内容紹介
ケニア海岸部の諸社会においては、他人に神秘的なしかたで危害をもたらす「妖術」は、単なるファンタジーの対象ではなく、人々が日常生活において常に警戒し対処すべき中心問題の一つであった。それは今日なお周期的に発生する地域を挙げての「魔女狩り(抗妖術運動)」や、隣人や家族内での殺人などの深刻な社会現象をも引き起こしている。
本書は、妖術信仰を伝統的/近代的という視点から解放し、条件がそろえば任意の社会にインストール可能な一種のプログラムのようなものとして捉え、それを構成する信念セットと実践系が具体的な人々の生と社会状況の中でいかに再帰的(recursive)に「実行」されているかを、ケニア海岸部のドゥルマ人社会を対象におこなった現地調査の豊富なデータをもとに明らかにしたものである。
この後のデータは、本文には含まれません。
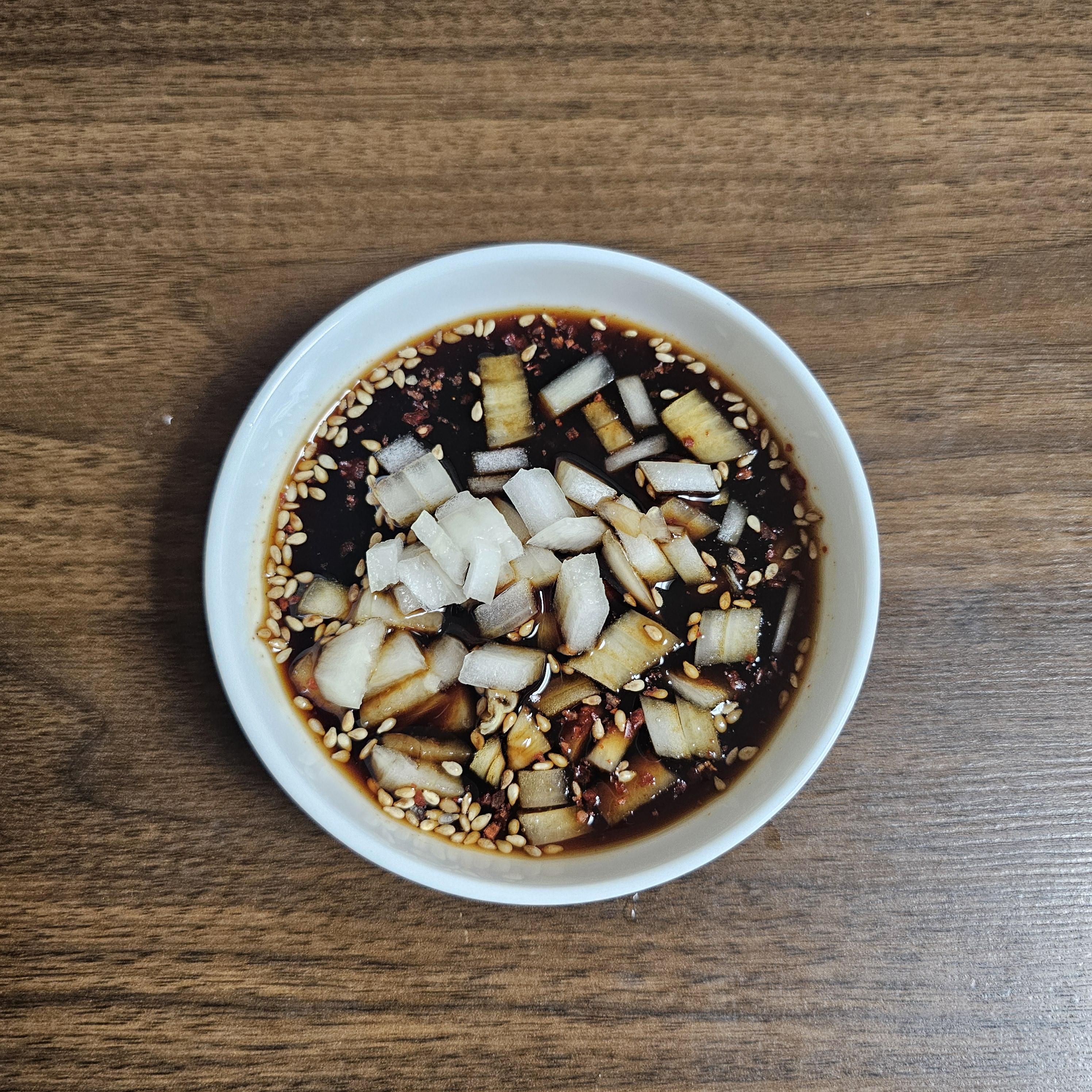 간장 2, 고춧가루 1, 깨, 양파를 썰어서 넣어주세요.

妖術信仰という「プログラム」が個々人の経験の水準で、そして歴史と政治のマクロな水準で、それぞれどのように実行され、それがどのように自己に最適化した現実を生成し、自らをその力で支えるような構造になっているかを示すことを通して、信念一般のもつ呪縛性の謎に迫る。
単にアフリカの一社会に限らず、しばしば我々の社会においても、特定の信念に凝り固まった人々のあいだの、相互の対話すら不可能に見えるような溝がいたる所に走っている。こうした信念のカスケーディングとでも呼べる現象がどのようなプロセスの産物であるかを明らかにしていくうえでも、本書は有効な手がかりとなるであろう。